Presença da Ausência de Yasujiro Ozu
No dia 12 de dezembro de 2013 o cinema lamentava os sessenta anos da partida de um de seus mais cuidadosos mestres: Yasujiro Ozu! Que curiosamente faleceu no mesmo dia em que completou sessenta anos.
Nascido em Tóquio pouco mais de dez anos antes da primeira grande guerra, onde faleceu exatas seis décadas depois numa cidade já tinha perdido seu encanto para sua ocidentalização.
A primeira vez que assisti a um filme do grande mestre japonês foi por uma cópia presenteada por meu amigo cinéfilo Sérgio Weinmann, o filme era “Contos de Tóquio”, filme que em 2012 completou setenta anos de seu lançamento e penso que resuma bem a riqueza de toda a narrativa cinematográfica de Ozu.
O cinema de Ozu é composto por imagens monótonas, quase todas em preto e branco, captadas por uma câmera parada à altura dos olhos de um oriental sentado no chão ornadas quase que pelo silêncio, indiscutivelmente uma poesia cinematográfica, ou melhor, um hai kai!
Talvez tenha sido o cinema de Ozu um certo manifesto Câmera Olho de Dziga Vertov em sua versão nipônica, com sua típica delicadeza combinada à uma negação da forma cinematográfica.
A polaridade posta por Ozu em seu cinema é o marco da segunda grande guerra, um Japão pretérito e um outro pós-guerra. Talvez caiba afirmar que o ocidente despejou muito mais do que bombas naquelas terras, mas também uma epidemia cultural numa acepção ampliadísssima que terminou por ocidentalizar o oriente tornando-os praticamente indistinguíveis, como se tivessem perdido suas respectivas particularidades. E por distinguir esses dois períodos, como se fossem dois países, todo o restante também foi acometido por essa epidemia: duas gerações, dois tipos de objetos, dois idiomas, duas formas de se vivenciar o tempo, duas formas de se relacionar pessoalmente... dois países distintos que coabitam!
Não se sabe se o cinema de Ozu era uma denúncia nostálgica das modificações postas pela ocidentalização “modernizadora” (com muitas ressalvas ao uso do termo moderno) ou alguma apologia às mudanças. Uma visão de inteira responsabilidade minha é de que para Ozu o moderno Japão era uma agonia inafastável e difícil de aceitar, seu último filme trata bem de como aquele mundo novo coberto por letreiros elétricos em inglês por toda parte soava decadência.
Como no mundo moderno o ser (substantivo) das pessoas não importa, os objetos falam pelas pessoas e o cinema de Ozu tem objetos novos por toda parte, o vinho e a cerveja que ocupam os copos de saquê, as vestimentas ocidentais que se afirmam no espaço cotidiano e toda uma gama de bugigangas que prometiam uma nova vida muito feliz como numa publicidade qualquer, como disse H. Lefebvre a “publicidade é a poética moderna”!

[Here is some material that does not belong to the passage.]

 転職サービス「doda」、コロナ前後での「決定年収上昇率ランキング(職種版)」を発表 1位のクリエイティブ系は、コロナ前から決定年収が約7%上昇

Os objetos têm vida, mais vida que a própria humanidade, talvez uma denúncia de um mundo de objetos fruto da industrialização acelerada que se impõe como inevitável, que produz para se produzir mais, mesmo que ao alto custo para nossa socialização, nosso enriquecimento cultural e o tempo acelerado da produção dos objetos impõe uma experimentação acelerada da vida.

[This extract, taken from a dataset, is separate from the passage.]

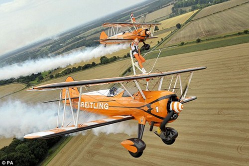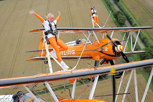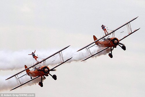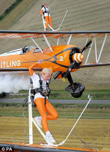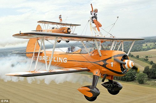 Rose Powell và Flame Brewer đã biểu diễn trên cánh chiếc máy bay cổ Boeing Stearman của ông nội.

E contrariando o Japão acelerado do pós-guerra o cinema de Ozu é silencioso! Um cinema carregado de imagens estáticas; de poucas palavras e muitos silêncios; um tempo que não corresponde ao tempo do cinema, mas do próprio cotidiano. Uma confrontação de dois modos de existência social necessária para despertar nossa reflexão!

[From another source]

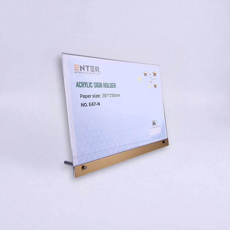 Kệ mica 1 mặt Enter E47-N 300x210mm liên kết bulon A4 ngang, Kệ menu nhà hàng, Standee mica để bàn, Bảng quét mã QR Code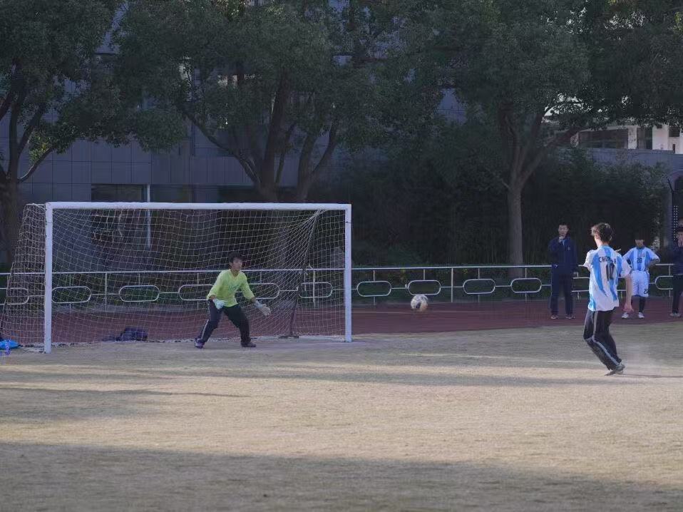 经过为期一个多月的激烈比赛,上海市行知中学第35届“行知杯”足球赛迎来了最后的校级决赛。高一、高二年级共23支队伍,经过激烈的角逐,高一(12)班与高二(6)班进行冠亚军比赛,高一(5)班和高二(3)班进行季军争夺战。 赛前,主持人章梦元老师致开场词,阐述了“行知杯”所倡导的知行合一、协力共进的赛事内涵。随后,92届校友、首届冠军成员周海波登台寄语,他以学长身份分享了对母校的深厚情感,并勉励场上球员全力拼搏,展现青春风貌。 充分热身后,两场顶尖对决旋即展开。冠军赛的上半场,高二(6)班控球占优。一次解围后,球落至后卫吴宣宪脚下,他抓住中路空当,快速突进连过两人,起脚劲射直入死角,首开纪录,高一(12)班立刻以右路犀利突破回应。半场结束前,高二(6)班在门前混战中由马天逸机敏补射,再下一城。下半场,高二(6)班凭借高压逼抢造成对方手球,队长朱从翔点球命中,扩大比分。然而,三球领先并未终结悬念,高一(12)班掀起绝地反扑,其中7号球员在禁区前沿的一记凌空抽射势大力沉,击中横梁,险些改写比分。比赛在高速的攻防转换与持续的对抗中,直至终场哨响。 季军赛中,高二(3)班核心陈润禾在左路表现活跃,频频冲击对方防线。下半场白热化阶段,他左路连续突破后突施冷箭,可惜射门偏出。高一(5)班王智博、冯张尧则多次利用反击制造威胁,但临门一脚欠佳。比赛尾声,高二(3)班获得禁区前任意球,陈润禾踢出贴地斩穿越人墙,却被反应神速的高一(5)班门将徐剑侧身扑出。 最终,比赛被拖入点球决战。高一(5)班门将徐剑成为关键人物,他连续判断准确,神勇扑出多次射门。随着高一(5)班张宸涵踢入最后一球,高一(5)班以2:1的比分锁定胜局,惊险夺得季军。 本届“行知杯”足球赛至此圆满落幕。赛事中,球员的个人技术与团队的战术协作相得益彰,共同缔造了无数精彩瞬间。曾夺得首届赛事桂冠的校友们,也始终心系母校发展。赛后,92届校友吴瑞峰、周海波、金建锋与学校领导共同为获胜球队与金靴奖得主颁奖。校友的关注与支持,为今日的赛场注入了深厚的历史温度与前进动力。

O mais coerente é concluir o texto imediatamente, uma vez que existem inúmeros textos tratando de Ozu. O único propósito é de que este sirva de estímulo para se conhecer este mestre esquecido.
Com o mesmo olhar saudoso que Ozu filmava sua terra que hoje saudosamente reverencio o grande mestre nipônico, o mais japonês de todos os cineastas japoneses!